RECORDED INFORMATION section start
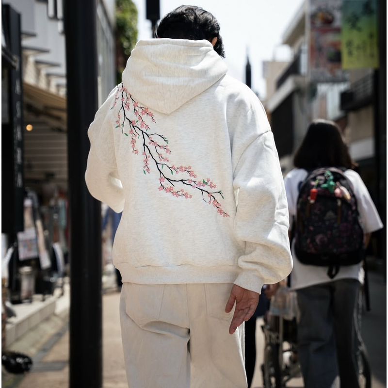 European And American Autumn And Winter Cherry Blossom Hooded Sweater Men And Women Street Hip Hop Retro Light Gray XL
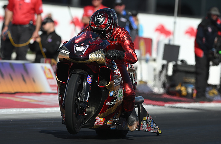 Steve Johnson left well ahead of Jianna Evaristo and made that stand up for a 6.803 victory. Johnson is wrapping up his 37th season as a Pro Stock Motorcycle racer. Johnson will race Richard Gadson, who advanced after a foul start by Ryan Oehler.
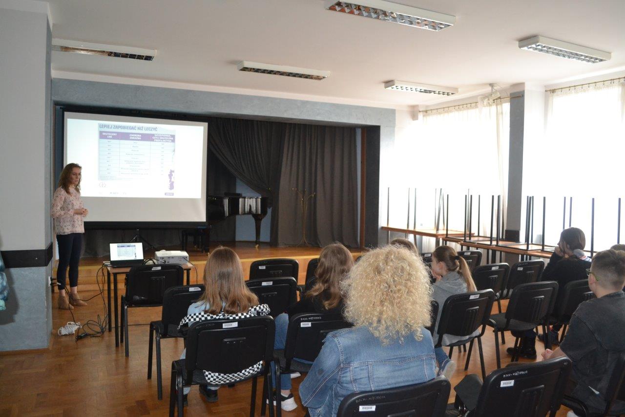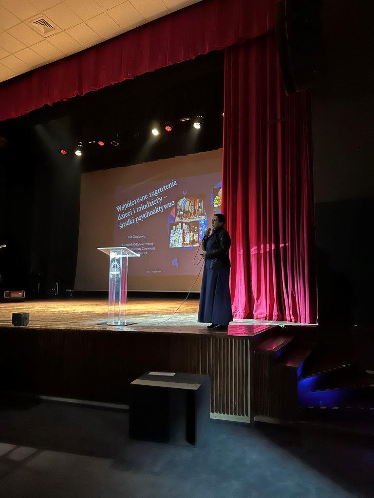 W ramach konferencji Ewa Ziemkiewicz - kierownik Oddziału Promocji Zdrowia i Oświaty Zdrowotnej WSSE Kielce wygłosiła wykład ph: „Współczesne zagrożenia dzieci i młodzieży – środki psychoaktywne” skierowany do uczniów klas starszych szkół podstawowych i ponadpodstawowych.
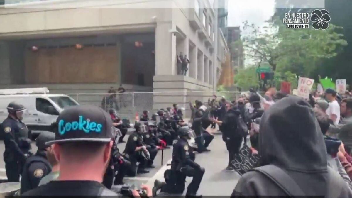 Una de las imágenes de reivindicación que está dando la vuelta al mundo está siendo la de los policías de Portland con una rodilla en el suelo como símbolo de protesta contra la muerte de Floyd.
RECORDED INFORMATION section end
RECORDED INFORMATION section start
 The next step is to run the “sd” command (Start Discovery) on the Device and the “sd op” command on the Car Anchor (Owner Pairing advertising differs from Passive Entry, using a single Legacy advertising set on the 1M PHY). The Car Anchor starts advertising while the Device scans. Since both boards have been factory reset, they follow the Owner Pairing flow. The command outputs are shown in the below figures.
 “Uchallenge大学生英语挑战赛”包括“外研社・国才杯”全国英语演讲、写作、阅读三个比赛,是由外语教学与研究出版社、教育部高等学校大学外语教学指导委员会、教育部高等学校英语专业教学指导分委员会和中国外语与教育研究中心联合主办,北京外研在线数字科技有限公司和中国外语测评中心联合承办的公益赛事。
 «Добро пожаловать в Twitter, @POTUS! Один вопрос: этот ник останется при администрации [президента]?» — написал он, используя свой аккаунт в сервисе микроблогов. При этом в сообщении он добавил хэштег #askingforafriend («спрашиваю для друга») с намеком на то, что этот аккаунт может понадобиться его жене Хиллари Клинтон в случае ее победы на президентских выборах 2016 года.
RECORDED INFORMATION section end
• [TASK DETAILS] Using the material above, reproduce only the lines that run from the line with "European And American" up to and including the line with "W ramach konferencji", exactly, with the pictures dropped.

• [WRITTEN ANSWER]
 European And American Autumn And Winter Cherry Blossom Hooded Sweater Men And Women Street Hip Hop Retro Light Gray XL
 Steve Johnson left well ahead of Jianna Evaristo and made that stand up for a 6.803 victory. Johnson is wrapping up his 37th season as a Pro Stock Motorcycle racer. Johnson will race Richard Gadson, who advanced after a foul start by Ryan Oehler.
 W ramach konferencji Ewa Ziemkiewicz - kierownik Oddziału Promocji Zdrowia i Oświaty Zdrowotnej WSSE Kielce wygłosiła wykład ph: „Współczesne zagrożenia dzieci i młodzieży – środki psychoaktywne” skierowany do uczniów klas starszych szkół podstawowych i ponadpodstawowych.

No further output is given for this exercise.